简体繁体 English

Ceph对象存储（RADOS）中对象的最佳大小

[英]The optimum size of objects in Ceph Object Storage (RADOS)

原文 2014-02-12 11:31:26 5 1 storage/ distributed/ ceph

It looks like that RADOS is best suited to be used as the storage backend for Ceph Block Storage and File System. 看起来RADOS最适合用作Ceph块存储和文件系统的存储后端。 But if i want to use the Object Storage itself: 但是，如果我想使用对象存储本身：

Is there an optimum object size which gives the best performance? 是否有最佳的物体尺寸，以提供最佳性能？
Is there a problem with a large number of small objects? 大量小物件有问题吗？
How big objects can get without making troubles? 如何在不制造麻烦的情况下获得多大的物品？

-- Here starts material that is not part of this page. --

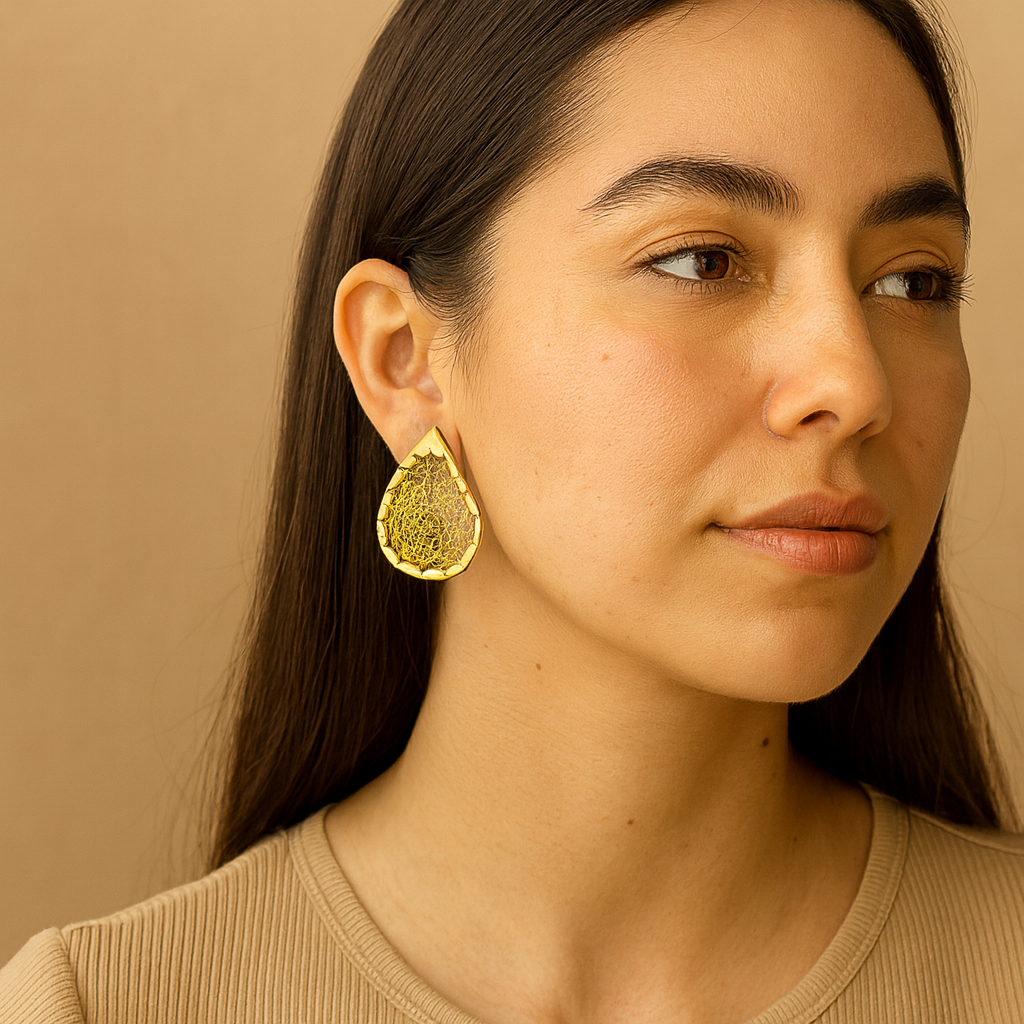 Cada pieza está elaborada con delicado alambrismo en forma de lágrima y un baño de oro de 24 quilates, creando un efecto de red dorada que atrapa la luz y enmarca el rostro con elegancia. Son aretes ligeros, cómodos para usar todo el día y perfectos tanto para outfits casuales como para eventos especiales.

It would be great if you can share your experience. 如果你能分享你的经验会很棒。

1 个解决方案

There is no optimal size for objects in the object store, in fact this flexibility is one of the big benefits over fixed-size block stores. 对象存储中的对象没有最佳大小，事实上，这种灵活性是固定大小的块存储的一大优势。 Typically an application will use this flexibility to decompose its data models along convenient boundaries. 通常，应用程序将使用此灵活性沿着方便的边界分解其数据模型。 That said, if you are storing very small or very large objects, you should take into account some considerations. 也就是说，如果要存储非常小或非常大的对象，则应考虑一些注意事项。

Is there a problem with a large number of small objects? 大量小物件有问题吗？

There has never been a functional problem with small objects, though in the past it has been inefficient due to the way that objects are stored. 小对象从未出现过功能问题，但过去由于存储对象的方式效率低下。 However, in the next release of Ceph (Firefly) there is a way to use LevelDB as a backend, making small objects much more efficient. 但是，在下一个Ceph（Firefly）版本中，有一种方法可以将LevelDB用作后端，从而使小对象更加高效。

How big objects can get without making troubles? 如何在不制造麻烦的情况下获得多大的物品？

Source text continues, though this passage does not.